Se suele decir que la prensa es el cuarto poder, pero no es verdad. La prensa es un arma poderosa, incluso letal, pero no es un poder en sí mismo. No posee el poder “para sí”. Es una herramienta en manos de otros actores, que en la sombra, al amparo del fuego periodístico, ejercen su verdadero poder mediante la manipulación, la construcción de opinión, la demonización del adversario, la promoción de sus intereses. Pero la prensa, incluso sus gerentes, no son más que actores secundarios de una trama mucho más compleja. Los grandes directores de los medios empresariales de comunicación se sienten poderosos y suelen ganar mucho dinero. Pero no son más que alfiles en un tablero de ajedrez donde los reyes y reinas están en otro lado.
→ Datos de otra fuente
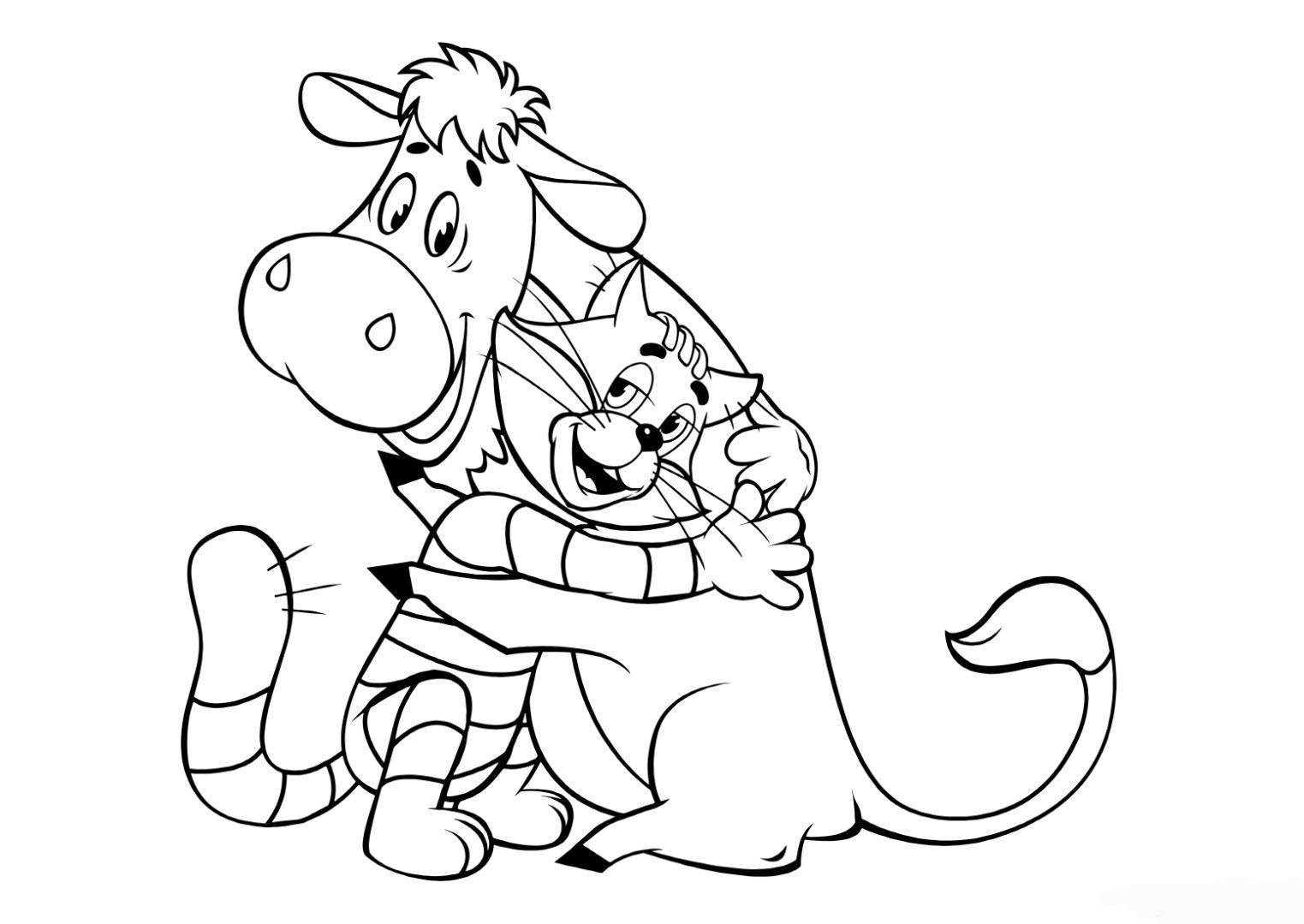 ![Раскраска Простоквашино и Леопольд]()

Un ejemplo reciente: entre las revelaciones de los Papeles de Panamá,(1) salió a luz información sobre Juan Luis Cebrián, presidente ejecutivo del grupo español Prisa, dueño del periódico El País de España. En la investigación se demuestra que su ex esposa, Teresa Aranda, posee cuentas secretas en las islas Seychelles y Samoa. Lo más grave es que esas cuentas opacas provendrían de una “aventura empresarial” de Cebrián en Sudán del Sur, en compañía con Massoud Farshad Zandi, un empresario español de origen iraní y el ex presidente Felipe González. Sudán del Sur se independizó de Sudán en 2011, luego de una enorme campaña de comunicación de medios occidentales que durante un par de años inundaron a la opinión pública sobre conflictos étnicos y religiosos entre el norte y el sur de Sudán.
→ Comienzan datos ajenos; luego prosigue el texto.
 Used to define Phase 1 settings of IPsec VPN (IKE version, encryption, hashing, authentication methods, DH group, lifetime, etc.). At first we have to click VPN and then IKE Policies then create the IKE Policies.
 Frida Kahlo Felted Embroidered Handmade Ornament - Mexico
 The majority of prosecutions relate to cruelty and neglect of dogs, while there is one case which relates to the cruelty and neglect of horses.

Lo que esos medios nunca dijeron era que en el sur estaban los campos petrolíferos. Alcanzada la independencia, el nuevo país entró hasta hoy en una guerra civil que ha causado miles de muertos y centenares de miles de refugiados. Las organizaciones humanitarias en vistas de lo ocurrido se preguntan ahora: “¿Es viable un Estado en el sur sin infraestructuras de transporte, electricidad, telefónica, educativa y sanitaria; con sólo 100 kilómetros de carretera y una tasa de analfabetismo que llega al 73% de la población (un 92% en las mujeres), cuya media de ingresos diarios para el 55% de la gente no alcanza un dólar, y en medio de una gran inseguridad alimentaria?”.(2) Todas esas preguntas no importaron para periódicos como El País, que promovieron la independencia de Sudán del Sur. Mientras tanto, tal como lo sugieren los Papeles de Panamá, los beneficiados de ese proceso político fueron gente como Cebrián, que pudo controlar junto con sus socios grandes campos petrolíferos del nuevo Estado fallido, construido gracias a su apoyo comunicacional.
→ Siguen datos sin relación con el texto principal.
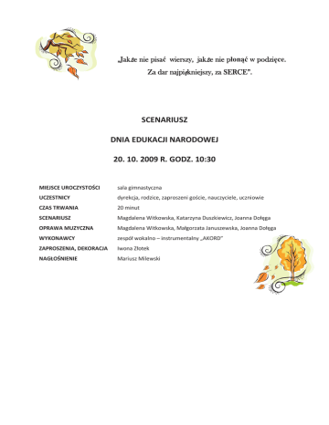 „JakŜ „JakŜe nie pisa pisać wierszy, jakŜ jakŜe nie płonąć w podzięce. podzi . Za dar najpię najpiękniejszy, za SERCE”. SCENARIUSZ DNIA EDUKACJI NARODOWEJ 20. 10. 2009 R. GODZ. 10:30 MIEJSCE UROCZYSTOŚCI sala gimnastyczna UCZESTNICY dyrekcja, rodzice, zaproszeni goście, nauczyciele, uczniowie CZAS TRWANIA 20 minut SCENARIUSZ Magdalena Witkowska, Katarzyna Duszkiewicz, Joanna Dołęga OPRAWA MUZYCZNA Magdalena Witkowska, Małgorzata Januszewska, Joanna Dołęga WYKONAWCY zespół wokalno – instrumentalny „AKORD” ZAPROSZENIA, DEKORACJA Iwona Złotek NAGŁOŚNIENIE Mariusz Milewski PRZEBIEG UROCZYSTOŚCI: UTWÓR „Once” – Falling Slowly” – wykonanie instrumentalne POWITANIE PATRYCJA Witam Państwa serdecznie! W imieniu uczniów naszej szkoły pragnę powitać, tych wszystkich, którzy przybyli na dzisiejszą uroczystość, aby wraz z nami świętować Dzień Edukacji Narodowej. Witam więc całą Dyrekcję naszego Ośrodka, wszystkich nauczycieli, wychowawców, zaproszonych gości oraz pozostałych pracowników naszej szkoły. Spotykamy się dziś, aby chociaż raz w roku podziękować naszym nauczycielom, za ich trud, serce oraz wkład w nasze wychowanie i nauczanie. Dziękujemy Wam za to, że uczycie nas żyć tak, byśmy potrafili dać siebie innym. Proszę Panią Dyrektor o zabranie głosu. POWITANIE GOŚCI PRZEZ PANIĄ DYREKTOR WRĘCZENIE NAGRÓD DYREKTORA MIRELLA Pozwolą Państwo, że odczytam list skierowany do Was od uczniów naszej szkoły: Z grzeczniutkim ukłonem Z uśmiechem radości. Witamy dziś wszystkich zebranych tu gości Chcemy mówić wiersze I zaśpiewać ładnie Proszę się nie gniewać, Gdy nam źle wypadnie. A teraz zapraszamy wszystkich na krótką prezentację słowno – muzyczną. PIOSENKA „DOBRY DZIEŃ” Ref. Hej, hej, hej (2x) Dobry dzień (2x) Jak nie dobry (2x) to go zmień! 1. Pożyczymy naszej pani sto uśmiechów, słońca blask i błękitu odrobinę, i miłości pełną garść. A gdy słońce zajdzie chmurą i gdy sił już będzie brak, To posłuchaj naszej rady i zawołaj z nami tak Ref. Hej, hej, hej (2x) Dobry dzień (2x) Jak nie dobry (2x) to go zmień! 2. Pożyczymy naszej pani moc gorących, ciepłych słów dni radosnych i wspaniałych, kolorowych, pięknych snów. A za wszystko, co złe było, co smuciło Waszą twarz Dziś Was bardzo przepraszamy i śpiewamy refren nasz. PATRYCJA (Włączamy podkład muzyczny – patrz prezentacja Warszawa) Dziękujemy jak każdego roku! Z każdym rokiem bardziej i goręcej, bo dzięki Wam, Nauczyciele, wiemy, rozumiemy z każdą lekcją więcej. Dziękujemy, jak każdego roku ... Wciąż zbyt mało i nigdy zbyt wiele za to światło, co mroki rozjaśnia. Dziękujemy Wam, Nauczyciele! Uczniowie trzymają napis „Dziękujemy nauczycielom”. PATRYCJA Do życzeń i podziękowań dołączamy mały upominek, składając go na Wasze ręce. (podkład – patrz prezentacja Warszawa) (Patrycja, Sławek, Mirella, Jacek – wręczają upominki) UROCZYSTE PASOWANIE NOWYCH UCZNIÓW GOSIA Jak to bywa w każdej szkole, tego dnia swoje święto mają również Ci uczniowie, którzy dołączyli do naszego szkolnego grona w tym roku. Dla nich to naprawdę ważny dzień i wielkie święto. Dzisiaj zostaną oni pasowani na uczniów naszej szkoły. Dla nich teraz ta piosenka: PIOSENKA „NASZA SZKOŁA” (Zwrotki recytowane, refren śpiewany) ASIA Końcem lata pachnie już ogniska dym i do szkoły iść już czas, starszy kumpel idzie też i woła nas, my z nim. Nowych wrażeń mamy dużo tu co krok aż czasami brak nam słów, na wakacje chętnie pojedziemy znów, za rok. Ref. Szkołę, naszą szkołę, każdy uczeń zna, w szkole, naszej szkole wszystko gra. Szkoła, nasza szkoła, fajna, każdy wie. W szkole, naszej szkole nie jest źle. ASIA Pierwszy dzwonek dźwięcznie brzmi i daje znak każdy uczy się bo wie. Że nieukiem dzisiaj być jest bardzo źle, o tak! Nie ma pracy, nic nie znaczy taki ktoś, Kto nie umie nic, bo leń. Robi sobie sam przez długi czas na złość. Ref. Szkołę, naszą szkołę, każdy uczeń zna, w szkole, naszej szkole wszystko gra. Szkoła, nasza szkoła, fajna, każdy wie. W szkole, naszej szkole nie jest źle. GOSIA Zapraszamy teraz na środek sali wszystkich nowych uczniów naszej szkoły, a Panią Dyrektor prosimy o przystąpienie do uroczystego pasowania. (podczas wyczytywania nowych uczniów starsi koledzy i koleżanki zapraszają swoich młodszych kolegów do uroczystego pasowania, pani dyrektor pasuje każdego ucznia, wręczając mu jednocześnie upominek oraz akt pasowania, w tle słychać podkład muzyczny – patrz prezentacja Warszawa). GOSIA A teraz usiądźcie na swoje miejsca i zobaczcie co dla Was jeszcze przygotowaliśmy. ASIA Przyszliście do szkoły nie tylko po to, aby spotkać nowych przyjaciół, doskonale się bawić, ale też po to, aby nauczyć się wielu nowych, ciekawych rzeczy. Wiecie pewnie, że z dnia na dzień coraz więc pojawia się różnych odmian chorób. Pewnie już na zajęciach Wasi nauczyciele mówili Wam o jednej z odmian grypy, która ostatnio się pojawiła. Dlatego chcemy umieć zapobiegać chorobom i Wam przekazać tę wiedzę. Dzisiaj więc chcielibyśmy rozpocząć podróż do tego miejsca, w którym polubicie dbanie o własne zdrowie i swój organizm, aby każde działanie związane z higieną przynosiło Wam przyjemność i radość, a nie było tylko obowiązkiem. Abyście zrozumieli jak wielka jest potrzeba dbania o higienę swoją i innych. Zobaczcie jak na każdym kroku, w każdym miejscu i w każdej chwili czyhają na nas bakterie i wirusy. WOJNA Z MIKROBAMI Obsada: wirus, bakteria, dziewczynka i chłopiec. Mikroby razem (Kasia i Asia oraz zespół śpiewają): My jesteśmy mikroby, roznosimy choroby, czaimy się skrycie, czyhamy na życie! /x 2 Wirus (Kasia): Gdzie Pani lubi mieszkać Pani Bakterio? Bakteria (Asia): Za brudnym paznokciem, w nie wypranych kocach, w kurzu na podłodze, na niemytych owocac

LA DISPUTA POR EL “ENCUADRE”
En Chile el poder de los medios, extremadamente concentrados en dos grandes grupos empresariales, es capaz de construir la realidad de forma tanto o más brutal que en Sudán del Sur. El Mercurio y Copesa logran manejar las principales dinámicas políticas porque no existe otro conglomerado comunicacional que tenga las espaldas financieras que le permita informar, de forma cotidiana, sobre la multitud de asuntos que impactan en la vida de un país. Incluso la televisión pública termina condicionada por la pauta de estas cadenas. Este efecto se denomina el “encuadre” de las noticias.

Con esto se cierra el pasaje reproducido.